Where is this list posted by the US Government? These countries aren't in Annex I of the Executive Order.
It has British in the name of course. Gotta tariff those leeches. /s
Probably because the tariff table was put together by an ignorant acolyte. They are not serious people.
> Not to mention 29% tariffs on Norfolk Island. Who hasn’t exported anything to the U.S. in years.
Should have set that to 99% then eh?
Tax the 99% seems pretty accurate.
It's a tariff, it could be infinity percent
Well, you know, you can go even higher, you don't have to stop at 100% :) Infinity is the limit here ;D
Seems like a business opportunity to set up an import company on the Macdonald Islands and sell the goods to the poor folks in Norfolk Island.
If this made any sense to begin with, then not excluding any region at all would make sense. Why leave some area which would become a theoretical middleman in trade just for purpose of tariff evasion? At least they'd be covered from the simple workarounds.
They knew what they were doing. They created a meme, a dead cat.
Then you waste time discussing the unimportant, "funny" topic, while the big picture is ignored.
This is to stop the practice of shipping things to a place, making a small change, then re-exporting from there to avoid tariffs.

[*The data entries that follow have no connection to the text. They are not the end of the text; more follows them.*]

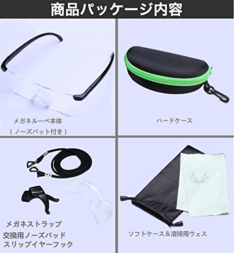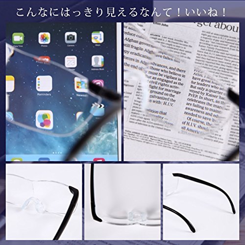 - 老眼鏡とは違い歪み無く1.6倍に拡大してくれるので、文字が大きくハッキリと見える。メガネタイプで両手が使えるので、携帯電話・読み物・手芸・工作等の趣味にも最適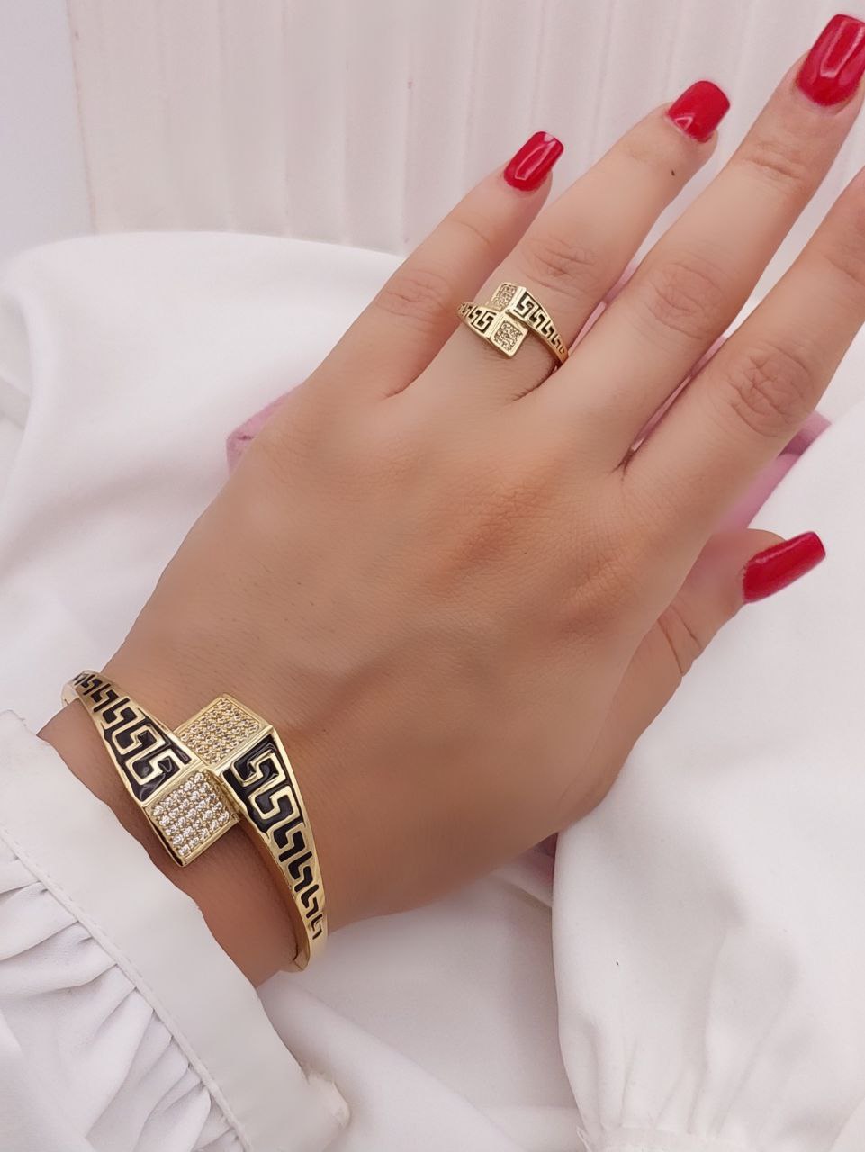 #ست دستبند انگشتر ورساچه جدید😍😍 ♦️رنگ ثابت ♦️بدون حساسیت ♦️آبکاری طلا ♦️کاملا کپی شده از طلا ♦️سایز انگشتر قابل تنظیم ♦️سایز دستبند مناسب ۲تا۴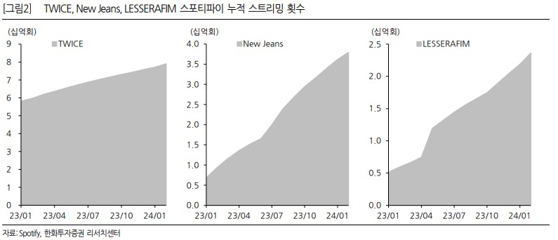 다만 스포티파이에서 확인되는 음원 스트리밍 지표는 앨범 판매량과 다소 상이하게 나타나는 중이다. 르세라핌의 경우 EASY 발매 이후 나타나는 스트리밍 지표 긍정적이다. 해당 음반 발매 이후 아티스트 전체 음원의 데일리 스트리밍 횟수는 커리어-하이를 기록 중이다.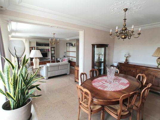 En centre-Ville, charmant Appartement 6 pièces d'env. 134m², au 4ème étage avec ascenseur d'une résidence bien entretenue offrant une belle vue dégagée : Entrée, double Séjour, Cuisine intégralement équipée, Cellier-Buanderie, 4 belles chambres, 2 Salles d'Eau dont 1 avec WC et WC indépendant + Terrasse carrelée plein SUD d'env. 27m².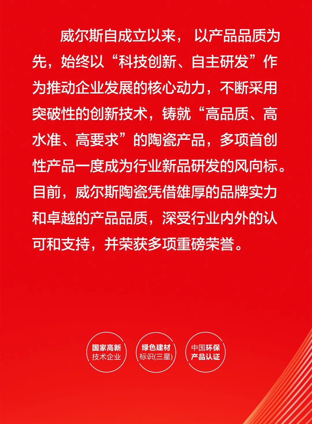 威尔斯陶瓷凭借雄厚的品牌实力和卓越的产品品质,深受行业内外的认可和支持,荣获多项重磅荣誉。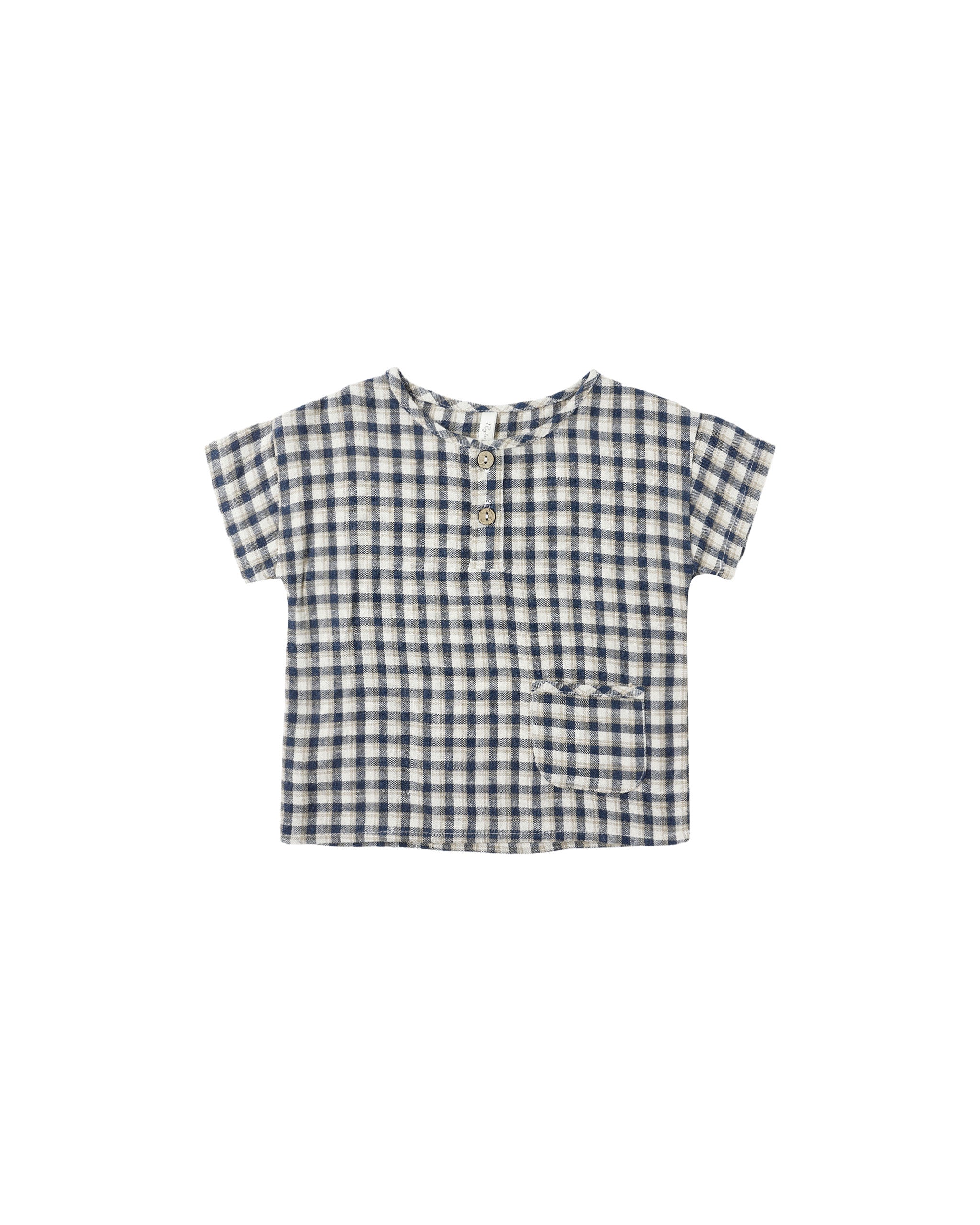 WOVEN HENLEY TEE || NAVY CHECK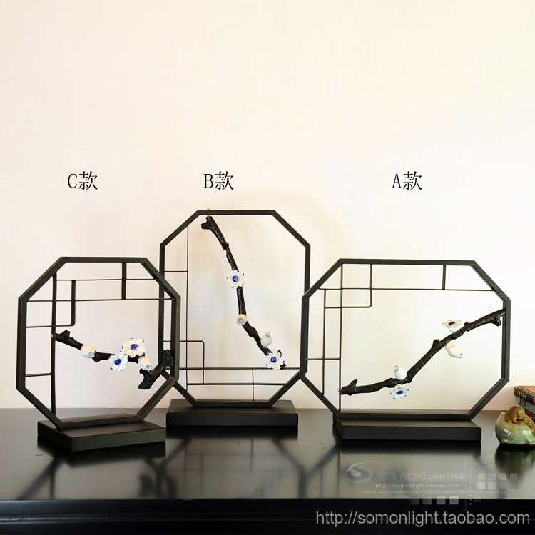 A款擺件新中式鐵藝擺件禪意玄關客廳辦公室工藝品復古民族風創意梅花擺件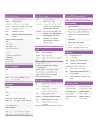 This document provides a summary of Linux command line cheat sheet covering topics such as: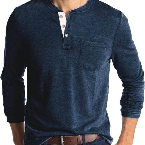 Men’s Henley Long/Short Sleeve T-Shirt Stretch Cotton Casual Pullover Tee Shirts with Pockets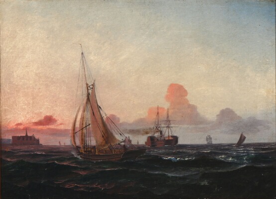 | Seascape off the coast of Elsinore Castle in the evening sun | |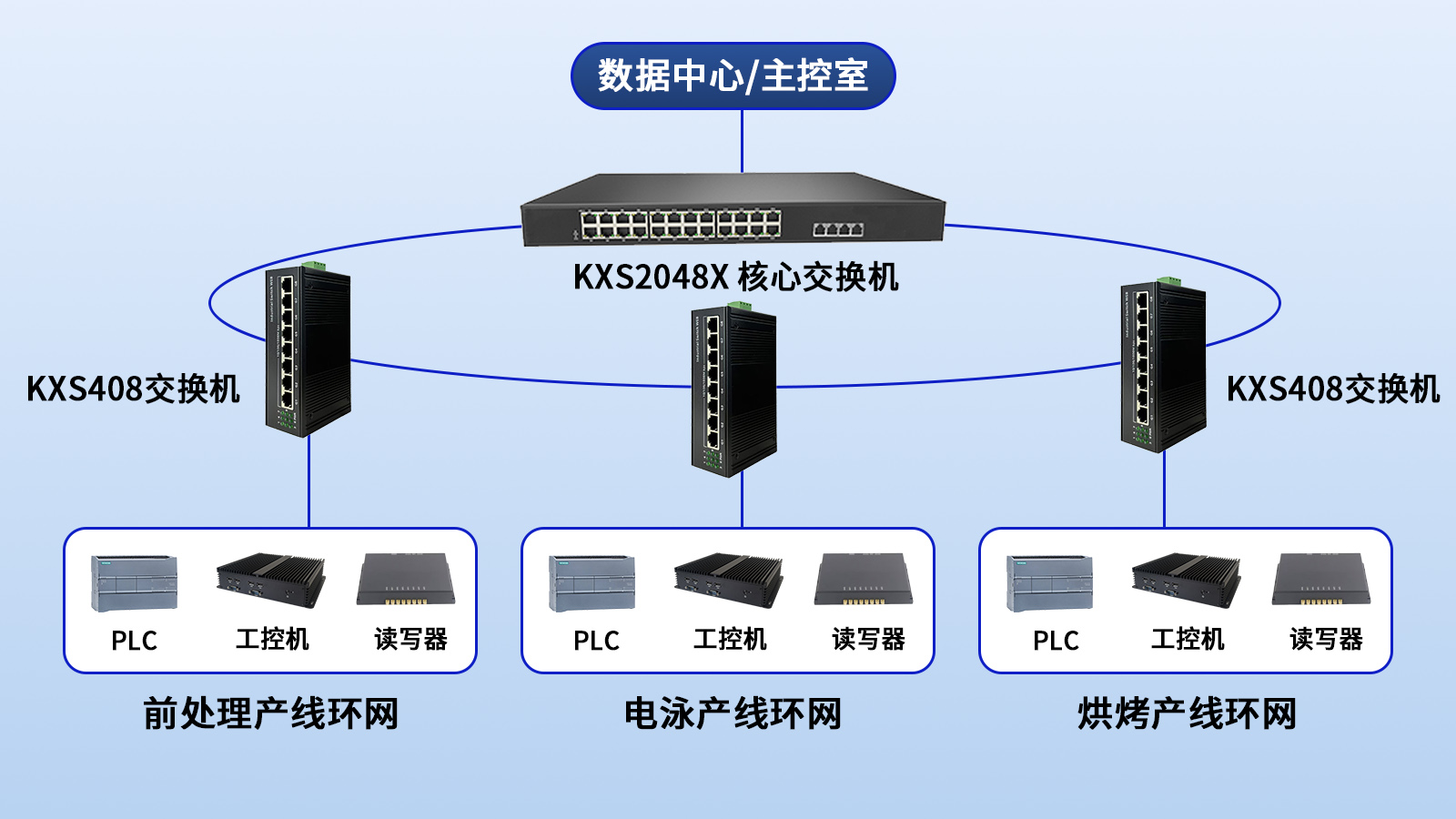 ·核心层:设在工厂数据中心或主控室,使用KXS2048X万兆交换机,作为整个产线网络的出口和数据处理中心。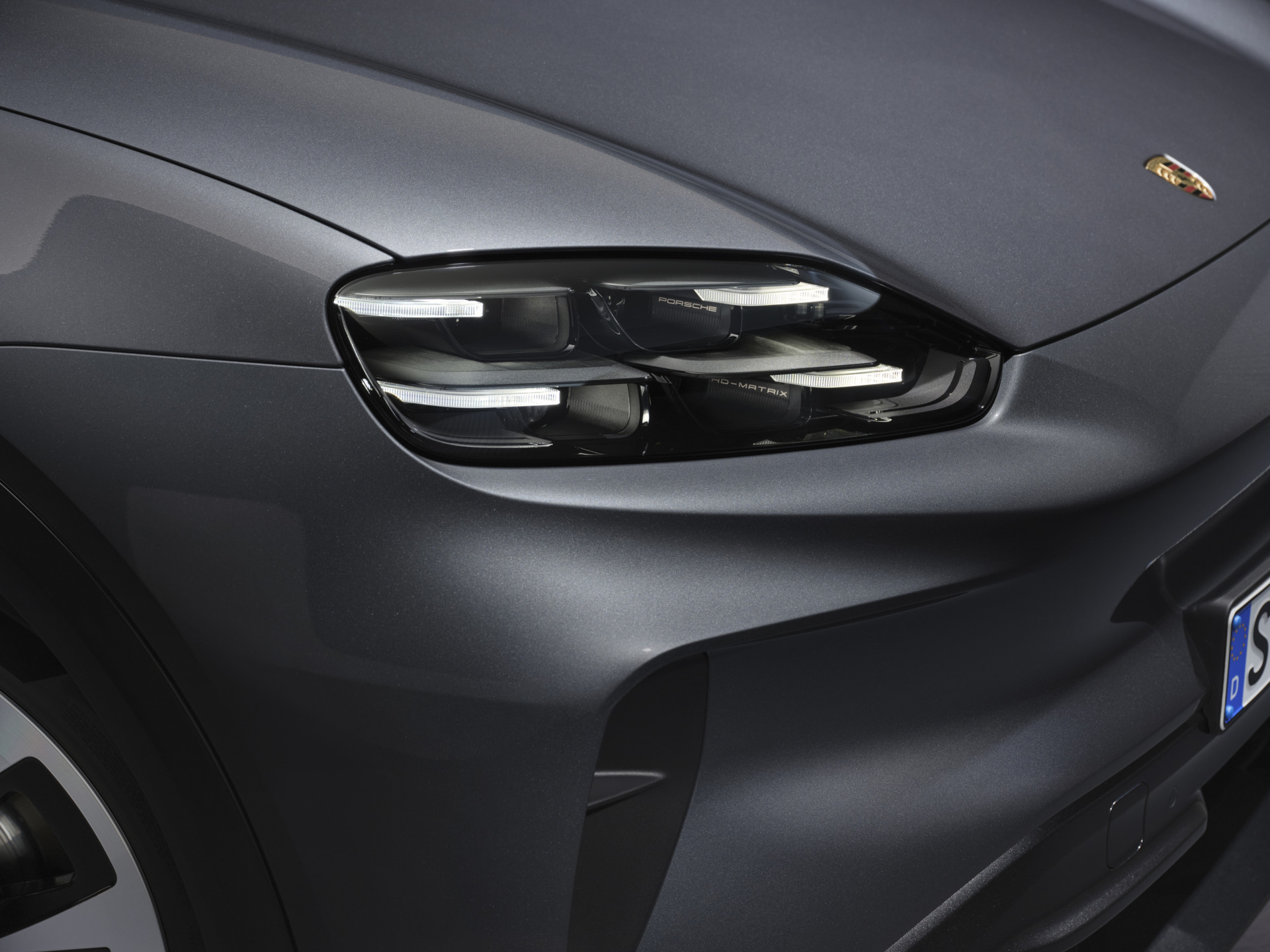 Der Cayenne Electric verbindet markentypische Proportionen mit einer klar weiterentwickelten Designsprache. „Der neue Cayenne ist unverkennbar Porsche und unverkennbar Cayenne. Wir haben auf bewährten Designmerkmalen aufgebaut und das bewahrt, was dieses SUV einzigartig macht. Ergebnis ist ein modernes Designkonzept, das den Cayenne in die Zukunft trägt“, sagt Michael Mauer, Leiter Style Porsche. Zu den Highlights zählen die tiefe Fronthaube mit den flach ausgeführten Matrix LED-Scheinwerfern mit optionaler HD-Technologie. Diese betonen die Breite des Fahrzeugs und fassen alle Lichtfunktionen in einem Modul zusammen. Typisch Porsche sind die stark konturierten Kotflügel und die Flyline, also die ikonische Gestaltung der flach abfallenden Dachlinie.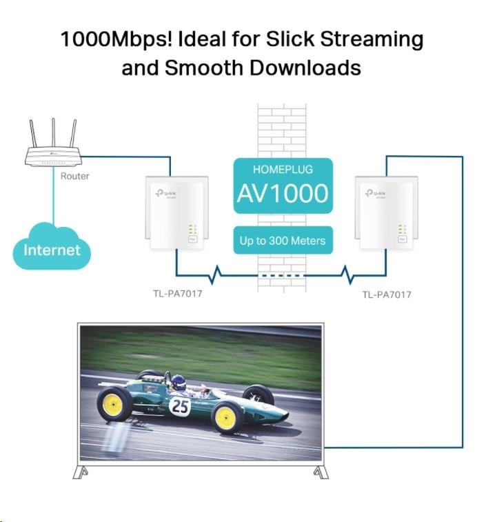 Využitím pokročilé technologie HomePlug AV2, TL-PA7017 KIT zajišťuje stabilní a vysokorychlostní kabelové připojení a poskytuje datové přenosy až 1 000 Mbps po elektrické síti s dosahem až 300 metrů. Streamujte v HD, hrajte online a stahujte velké soubory bez přerušení díky spolehlivé powerline technologii.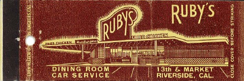Do you remember Ruby's on 13th & Market? How about their delicious hamburgers and famous fried chicken? The Museum of Riverside just acquired this vintage Ruby's matchbook! This object will be featured in a new exhibition, Fast 'n' Fresh: The Inland Empire's Influence on the Fast-Food Industry, 1940 - 1970. The exhibition is set to open in 2027 along with the grand reopening of the main museum site in downtown Riverside. If you have objects like trays, cups, uniforms, kitchen equipment, menus, or name tags from local drive-ins during the 1940s - 1970s, the Museum may be interested in borrowing them for the exhibition. If you have any keepsakes, email Jennifer Dickerson, Curatorial Services Mgr, at jdickerson@riversideca.gov to let us know about any objects you may be willing to lend. (fb)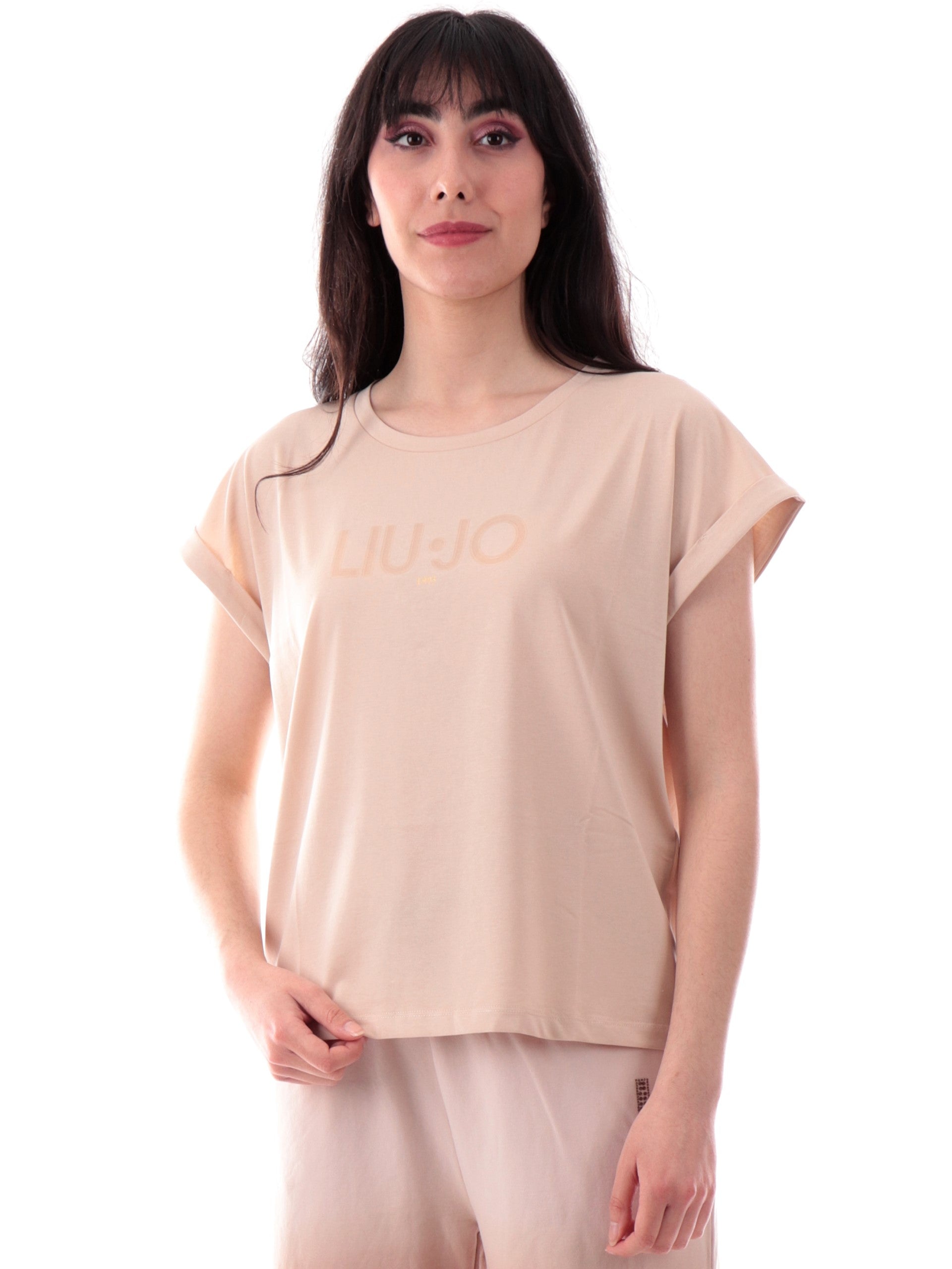 Maglia Liu Jo Beige maniche corte logo gommato TA5181JS003-M918

Is that commonly done on uninhabited islands? Wouldn’t the shipping cost offset any gains? Where do you even make these small changes if there’s nobody there? And what does the export paperwork look like?
The problem is that the truth, that this was some haphazard nonsense thrown together at the last second using some ChatGPT prompts, is hard to believe, so people try to insert rationality where it doesn’t exist.
2 replies →
That doesn’t hold water if you’re talking about uninhabited Antarctica territories.